Advances in molecular techniques have led to far more sensitive tests than conventional PCR such as real-time PCR and the LAMP assay. There were several published reports demonstrating the superiority of these tests over conventional tests in the diagnosis of pyogenic meningitis. Corless CE et al., evaluated the diagnostic accuracy of RT-PCR using S. pneumoniae, H. influenzae, and N. meningitidis specific primers in culture-confirmed cases and found that the sensitivity for S. pneumoniae was 91.8%, H. influenzae 100%, and N.meningitidis was 88.4%, while specificity for all organisms were 100% [21]. Several LAMP assays have been evaluated to assess the utility in detection of bacterial meningitis, and were found to be more accurate and rapid. Kim DW et al., in their study found that detection limit of LAMP assay was more than 100 times lower than that of conventional PCR method [22].


The small quantity of CSF received in a majority of cases which precluded centrifugation of the specimen, the probable reason for the poor sensitivity of Gram staining observed in the present study. An internal control was not used in PCR reactions, the use of which would have helped us to rule out the presence of PCR inhibitors in the specimens.

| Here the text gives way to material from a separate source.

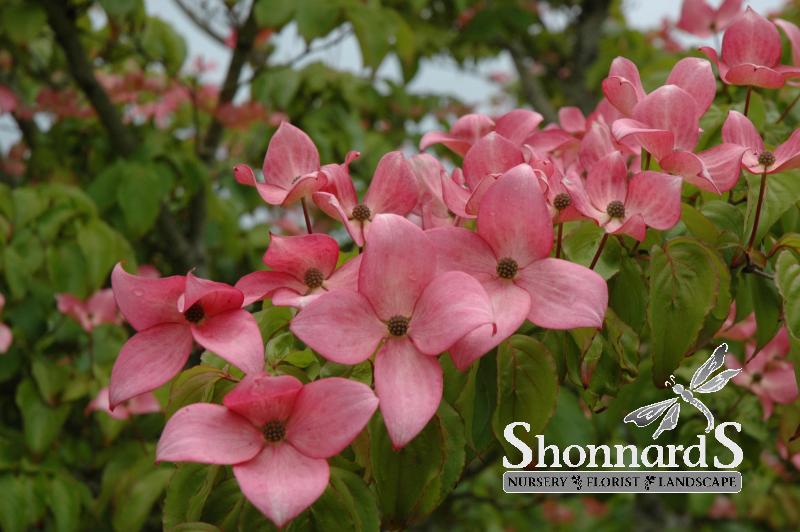 Scarlet Fire® Flowering Dogwood is smothered in stunning clusters of rose flowers with pink overtones and scarlet edges held atop the branches from mid spring to early summer. It has attractive green foliage with rose veins. The glossy pointy leaves are highly ornamental and turn an outstanding red in the fall. It produces pink berries with red hints from early to mid fall.

A significant shift in the aetiological agents of acute pyogenic meningitis was observed, with members of Enterobacteriaceae replacing the three primary pathogens. Molecular techniques are significantly more effective for establishing the aetiological diagnosis of pyogenic meningitis, although they cannot completely replace conventional tests. Implementation of pneumococcal vaccination in universal immunization programs is imperative as it has been found to be the most frequently isolated pathogens for which effective vaccines are available.

Financial Support

This work was supported by Jawaharlal Institute of Postgraduate Medical Education and Research (JIPMER) Intramural Research fund.